━━━ EXERCISE MATERIALS

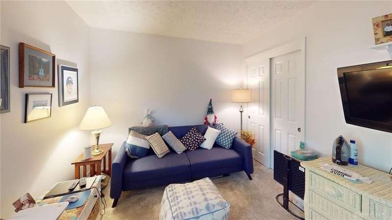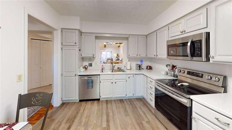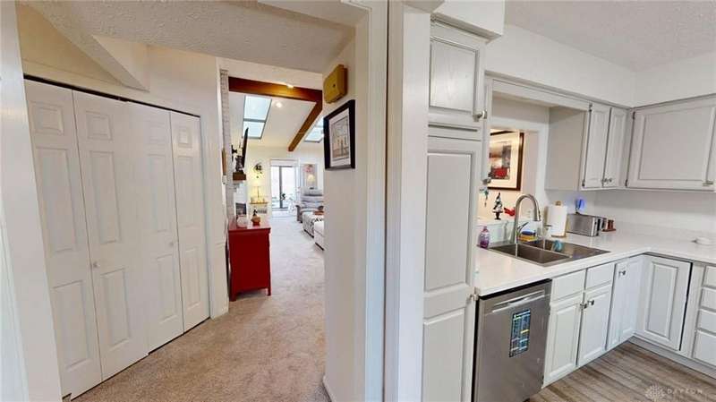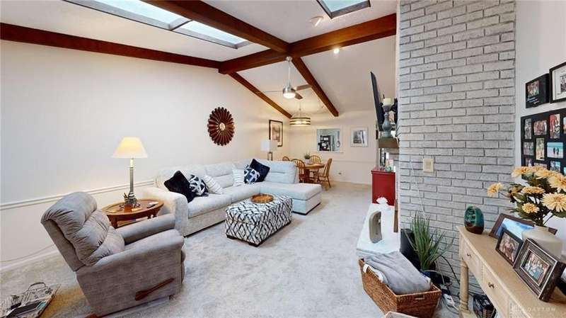 Beautifully decorated, updated and fully furnished condo, well maintained & move-in ready with a two-car attached garage. When you enter this home, you are greeted with tons of natural light from multiple windows/glass sliding doors and skylights. An enclosed patio for you to enjoy the great outdoors from inside the enclosed fully private patio and garden area. Indoor sunroom has dual access from the patio and from the large living room. Wood beams, skylights & updated architecturally designed ceilings make this unit a welcoming place to call home. The living room has a beautiful wood burning fireplace to provide a warm cozy atmosphere during cool temps. Seller has not used fireplace, and the chimney and fireplace are not warranted. There is dining space off the living room, and the Kitchen has an eat-in area, granite counter tops, new refrigerator in 2021, new range 2021. Patio has new concrete pad and new lighting 2023, garage interior painted 2024 and new ceiling insulation added in 2022. Second bedroom, currently used as office. Washer and Dryer remain including all appliances and furniture except patio chairs DO NOT REMAIN. All information believed to be accurate; however, Buyer to perform own inspection and confirm all information and measurement which are estimated.
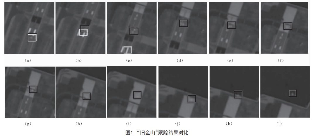 圖1對(duì)比了本文算法和STC算法"舊金山"視頻序列中飛行器進(jìn)行目標(biāo)跟蹤實(shí)驗(yàn)結(jié)果,其中白色細(xì)框?yàn)镾TC算法跟蹤結(jié)果,黑色粗框?yàn)楸疚乃惴ǜ櫧Y(jié)果。可以看出,測(cè)試視頻序列中背景與目標(biāo)的圖像特性相似度極高,人眼已難以從背景中提取出目標(biāo),跟蹤難度極大。在目標(biāo)經(jīng)過(guò)跑道背景中的白塊時(shí),由于背景信息對(duì)目標(biāo)造成的極大干擾,STC算法在尋找目標(biāo)時(shí)出現(xiàn)錯(cuò)誤,真實(shí)目標(biāo)的響應(yīng)峰值并不是其最大值,進(jìn)而導(dǎo)致跟蹤失敗。
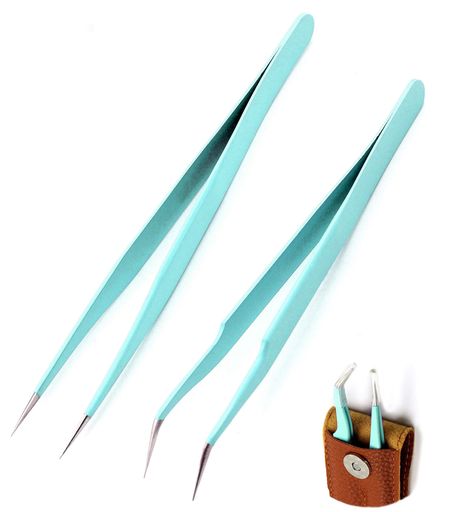 ピンセット 精密 ステンレス キャップ付き 精密ピンセット DIY ハンドメイド制作 つまみ細工 つけまつ毛 プラモデル ネイル 電子工作などにも使用可能 (シアン 2個セット) 送料無料
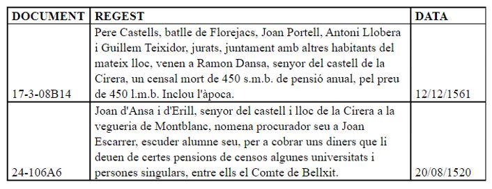Aquesta informació obre la porta a confirmar la presència d’aquesta familia dels D’Ansa (o Dansa), dins la vida de la Cirera dels segles XV i XVI. És cert què són dos fets puntuals, però tenen la ratificació que, aquesta familia, eren “senyors del Castell de La Cirera”.
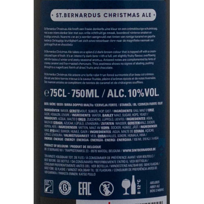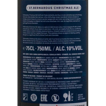 La Christmas Ale è la birra natalizia del birrificio del birrificio St.Bernardus di Watou. Viene prodotta con lo stesso lievito della Abt.12 con la quale ha diversi punti in comune. Bel color bruno, con intriganti sfumature rossastre, nel bicchiere è sormontata da una schiuma compatta e cremosa, molto persistente. Sprigiona sentori etilici, di melassa, frutta gialla (albicocca), liquirizia, marzapane e una delicata speziatura che sconfina nella menta. In bocca ha un bel corpo, una piacevole dolcezza e dona una sensazione di warming che si sposa perfettamente all'atmosfera natalizia.
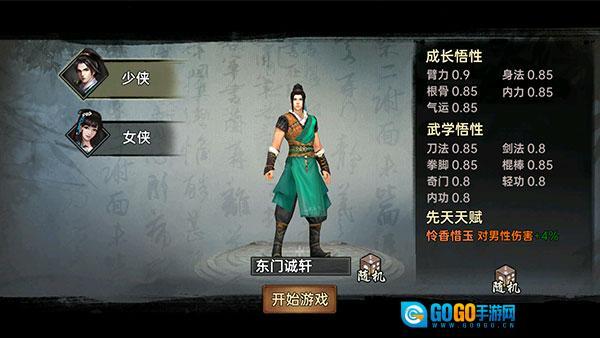 游戏里没有特定的职业可供挑选,男性和女性角色都只有一个固定模型,不过二者在成长悟性与武学悟性方面存在不同。大家可以按照自己的喜好来决定选择哪个性别。
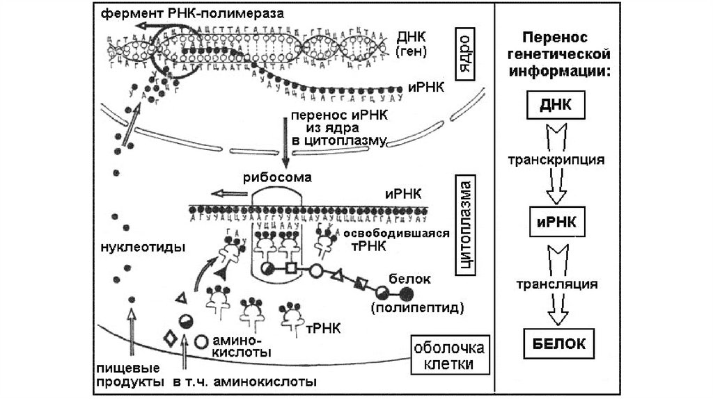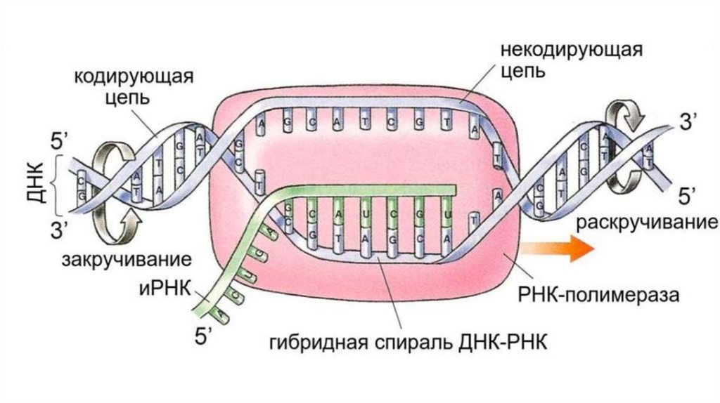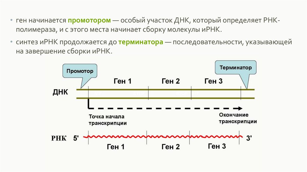 • ген начинается промотором — особый участок ДНК, который определяет РНКполимераза, и с этого места начинает сборку молекулы иРНК.• синтез иРНК продолжается до терминатора — последовательности, указывающей

━━━━━━

PROBLEM REQUIREMENTS =
If an entry holds an image, omit that image and print the remainder exactly as it stands.

EXERCISE RESPONSE =
 Beautifully decorated, updated and fully furnished condo, well maintained & move-in ready with a two-car attached garage. When you enter this home, you are greeted with tons of natural light from multiple windows/glass sliding doors and skylights. An enclosed patio for you to enjoy the great outdoors from inside the enclosed fully private patio and garden area. Indoor sunroom has dual access from the patio and from the large living room. Wood beams, skylights & updated architecturally designed ceilings make this unit a welcoming place to call home. The living room has a beautiful wood burning fireplace to provide a warm cozy atmosphere during cool temps. Seller has not used fireplace, and the chimney and fireplace are not warranted. There is dining space off the living room, and the Kitchen has an eat-in area, granite counter tops, new refrigerator in 2021, new range 2021. Patio has new concrete pad and new lighting 2023, garage interior painted 2024 and new ceiling insulation added in 2022. Second bedroom, currently used as office. Washer and Dryer remain including all appliances and furniture except patio chairs DO NOT REMAIN. All information believed to be accurate; however, Buyer to perform own inspection and confirm all information and measurement which are estimated.
 圖1對(duì)比了本文算法和STC算法"舊金山"視頻序列中飛行器進(jìn)行目標(biāo)跟蹤實(shí)驗(yàn)結(jié)果,其中白色細(xì)框?yàn)镾TC算法跟蹤結(jié)果,黑色粗框?yàn)楸疚乃惴ǜ櫧Y(jié)果。可以看出,測(cè)試視頻序列中背景與目標(biāo)的圖像特性相似度極高,人眼已難以從背景中提取出目標(biāo),跟蹤難度極大。在目標(biāo)經(jīng)過(guò)跑道背景中的白塊時(shí),由于背景信息對(duì)目標(biāo)造成的極大干擾,STC算法在尋找目標(biāo)時(shí)出現(xiàn)錯(cuò)誤,真實(shí)目標(biāo)的響應(yīng)峰值并不是其最大值,進(jìn)而導(dǎo)致跟蹤失敗。
 ピンセット 精密 ステンレス キャップ付き 精密ピンセット DIY ハンドメイド制作 つまみ細工 つけまつ毛 プラモデル ネイル 電子工作などにも使用可能 (シアン 2個セット) 送料無料
Aquesta informació obre la porta a confirmar la presència d’aquesta familia dels D’Ansa (o Dansa), dins la vida de la Cirera dels segles XV i XVI. És cert què són dos fets puntuals, però tenen la ratificació que, aquesta familia, eren “senyors del Castell de La Cirera”.
 La Christmas Ale è la birra natalizia del birrificio del birrificio St.Bernardus di Watou. Viene prodotta con lo stesso lievito della Abt.12 con la quale ha diversi punti in comune. Bel color bruno, con intriganti sfumature rossastre, nel bicchiere è sormontata da una schiuma compatta e cremosa, molto persistente. Sprigiona sentori etilici, di melassa, frutta gialla (albicocca), liquirizia, marzapane e una delicata speziatura che sconfina nella menta. In bocca ha un bel corpo, una piacevole dolcezza e dona una sensazione di warming che si sposa perfettamente all'atmosfera natalizia.
 游戏里没有特定的职业可供挑选,男性和女性角色都只有一个固定模型,不过二者在成长悟性与武学悟性方面存在不同。大家可以按照自己的喜好来决定选择哪个性别。
 • ген начинается промотором — особый участок ДНК, который определяет РНКполимераза, и с этого места начинает сборку молекулы иРНК.• синтез иРНК продолжается до терминатора — последовательности, указывающей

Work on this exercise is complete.